Yesterday, in the first ever victory directly on this point, the ACLU won a federal court decision holding that discrimination against a transgender person constitutes per se sex discrimination in violation of Title VII. In Schroer v Billington, Judge James Robertson of the U. S. District Court for the District of Columbia ruled that the Library of Congress discriminated against Diane Schroer when it rescinded a job offer to her after Schroer disclosed that she was transitioning from male to female.(Link to text after the jump.)
The most important aspect of the decision is the ruling that discrimination based on gender identity is literally discrimination based on sex. Schorer's lawyers argued, and the judge agreed, that gender identity is a component of sex, and therefore discrimination based on gender identity is sex discrimination. This might sound like a simple proposition, but previous federal courts have "carved [transgender] persons out of the statute by concluding that 'transsexuality' is unprotected by Title VII."
This is a big deal politically as well as legally because it gives new life to the argument that Title VII already --that is, without ENDA -- prohibits discrimination based on gender identity. It was a series of earlier court decisions rejecting that theory - plus the explicit exclusion of transgender persons from the scope of the Americans with Disabilities Act - that left advocates with no option other than to seek explicit protection of gender identity through separate legislation. While Schroer is only one judge's decision and so cannot by itself alter the dynamics of this debate, it will at the least bolster the Title VII argument in future cases, especially if it is upheld on appeal.
Schroer's lawyers litigated the case based on two theories of discrimination, both of which the judge accepted. First, the judge found that there was "compelling evidence that the Library's hiring decision was infected by sex stereotypes." On that basis, Schroer was entitled to relief under the line of cases beginning with Price Waterhouse v. Hopkins, which created the sex stereotyping doctrine. In that case, the Court found that Title VII was violated when a woman was denied a job after being told to wear make-up and take a course at charm school. Evidence in the Schroer trial established that the negative reaction to Schroer grew out of her not fitting gender stereotypes by virtue of her decision to change genders.

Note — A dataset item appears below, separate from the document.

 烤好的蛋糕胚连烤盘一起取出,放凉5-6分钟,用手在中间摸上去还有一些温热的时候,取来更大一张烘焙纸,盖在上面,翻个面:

More important was the second theory: that discrimination based on gender transition should be considered a form of discrimination based on sex. The Schroer court held that just as discrimination against converts from one to faith to another is still discrimination based on religion, so too discrimination against transgender persons is still sex discrimination. Although doubtless Congress did not have transgender persons in mind when Title VII was enacted in 1964, the court found that the plain text of the statute covers this situation.

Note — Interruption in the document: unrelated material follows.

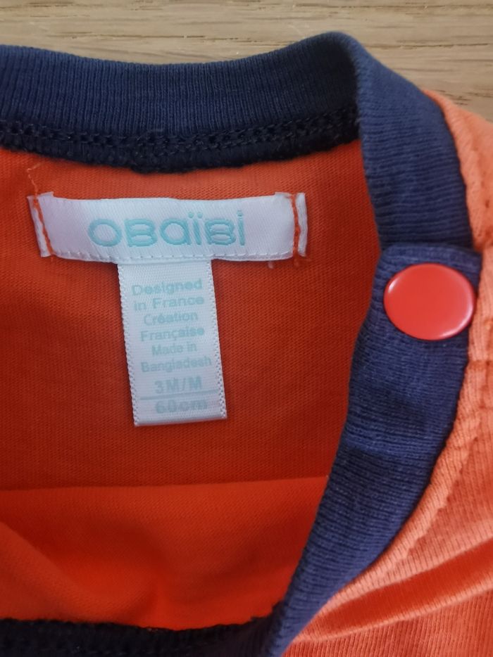 T-shirt à manches courtes bébé garçon 3mois obaibi en très bon état - photo numéro 2

Although the Schroer decision is an enormous breakthrough in the law, the caveat is that it is a trial-level court decision. The Justice Department (which represents all federal agencies in court) is likely to appeal it. It's impossible to predict what the outcome of the appeal will be. One cause for optimism is that the decision is based on a full factual record, including expert testimony on the key issue of gender identity being considered a component of sex. (Trial described in previous posts here and here.) That will make it more difficult (though not impossible) for the court of appeals to reverse it. Also, because the case does not involve a challenge to the validity of a federal statute, but only to the lawfulness of one hiring decision, the Justice Department could elect not to appeal (perhaps under a Democratic administration?).
ENDA played a role in the case because the Justice Department argued that its passage last year by the House of Representatives without gender identity protection signaled congressional intent not to protect transgender persons. Maybe, said Judge Robertson, or maybe Congress believes that Title VII, properly interpreted, solves the problem. In any event, the language of Title VII settled the question for him. This issue, too, of the legal consequence, if any, of the House vote last year could be re-argued if there is an appeal.